**Information**
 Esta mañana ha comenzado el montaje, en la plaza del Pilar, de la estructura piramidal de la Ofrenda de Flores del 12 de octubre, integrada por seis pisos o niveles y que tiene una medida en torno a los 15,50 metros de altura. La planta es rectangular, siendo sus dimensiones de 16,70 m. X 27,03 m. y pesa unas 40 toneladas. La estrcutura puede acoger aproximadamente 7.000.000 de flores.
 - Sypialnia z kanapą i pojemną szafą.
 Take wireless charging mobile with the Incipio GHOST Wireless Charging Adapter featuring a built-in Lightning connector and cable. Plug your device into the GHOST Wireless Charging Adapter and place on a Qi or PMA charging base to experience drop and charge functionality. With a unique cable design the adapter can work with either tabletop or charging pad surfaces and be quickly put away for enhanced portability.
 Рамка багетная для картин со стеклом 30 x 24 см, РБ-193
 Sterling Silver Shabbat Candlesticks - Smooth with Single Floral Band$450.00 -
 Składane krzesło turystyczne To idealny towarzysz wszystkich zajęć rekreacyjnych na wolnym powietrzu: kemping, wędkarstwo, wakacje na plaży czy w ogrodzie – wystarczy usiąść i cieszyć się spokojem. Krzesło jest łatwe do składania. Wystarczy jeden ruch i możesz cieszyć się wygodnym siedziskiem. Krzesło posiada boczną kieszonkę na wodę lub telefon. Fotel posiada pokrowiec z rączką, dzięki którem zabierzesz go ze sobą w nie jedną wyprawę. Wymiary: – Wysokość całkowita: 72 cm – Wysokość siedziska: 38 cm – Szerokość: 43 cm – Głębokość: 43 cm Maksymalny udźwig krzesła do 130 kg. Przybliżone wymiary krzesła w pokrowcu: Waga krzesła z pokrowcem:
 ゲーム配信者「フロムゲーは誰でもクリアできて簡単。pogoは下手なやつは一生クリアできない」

---

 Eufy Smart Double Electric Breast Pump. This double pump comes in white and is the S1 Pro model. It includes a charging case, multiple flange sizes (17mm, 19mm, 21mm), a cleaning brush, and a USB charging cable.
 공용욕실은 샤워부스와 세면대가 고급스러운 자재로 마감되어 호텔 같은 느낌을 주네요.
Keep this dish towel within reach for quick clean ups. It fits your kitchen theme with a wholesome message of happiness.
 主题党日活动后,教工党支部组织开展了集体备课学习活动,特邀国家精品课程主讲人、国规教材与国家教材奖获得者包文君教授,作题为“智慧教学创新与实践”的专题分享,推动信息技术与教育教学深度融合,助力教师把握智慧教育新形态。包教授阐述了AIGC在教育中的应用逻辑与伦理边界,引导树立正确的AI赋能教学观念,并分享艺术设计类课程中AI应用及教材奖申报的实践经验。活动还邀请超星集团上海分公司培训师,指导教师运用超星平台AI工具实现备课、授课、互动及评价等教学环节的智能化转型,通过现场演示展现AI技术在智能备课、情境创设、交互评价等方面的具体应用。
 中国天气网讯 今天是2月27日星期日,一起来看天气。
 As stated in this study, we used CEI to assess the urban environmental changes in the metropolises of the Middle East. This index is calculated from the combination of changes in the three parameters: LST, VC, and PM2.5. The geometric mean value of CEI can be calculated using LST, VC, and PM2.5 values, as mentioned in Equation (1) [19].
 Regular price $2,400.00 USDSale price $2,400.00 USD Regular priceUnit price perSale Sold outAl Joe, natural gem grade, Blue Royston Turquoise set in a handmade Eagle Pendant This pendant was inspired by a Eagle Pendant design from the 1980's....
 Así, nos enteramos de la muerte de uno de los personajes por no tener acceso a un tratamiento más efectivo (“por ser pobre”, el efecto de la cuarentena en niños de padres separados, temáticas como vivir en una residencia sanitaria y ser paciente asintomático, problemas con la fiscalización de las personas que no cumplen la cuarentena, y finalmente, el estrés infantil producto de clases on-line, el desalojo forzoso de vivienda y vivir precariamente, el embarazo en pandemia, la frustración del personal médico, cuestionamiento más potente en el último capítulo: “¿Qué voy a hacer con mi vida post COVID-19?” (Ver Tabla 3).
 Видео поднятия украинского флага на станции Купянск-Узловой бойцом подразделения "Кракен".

**Goal of the exercise**
Filter the listing down to the lines holding the word "charging", and return those.

**Answer box**
 Take wireless charging mobile with the Incipio GHOST Wireless Charging Adapter featuring a built-in Lightning connector and cable. Plug your device into the GHOST Wireless Charging Adapter and place on a Qi or PMA charging base to experience drop and charge functionality. With a unique cable design the adapter can work with either tabletop or charging pad surfaces and be quickly put away for enhanced portability.
 Eufy Smart Double Electric Breast Pump. This double pump comes in white and is the S1 Pro model. It includes a charging case, multiple flange sizes (17mm, 19mm, 21mm), a cleaning brush, and a USB charging cable.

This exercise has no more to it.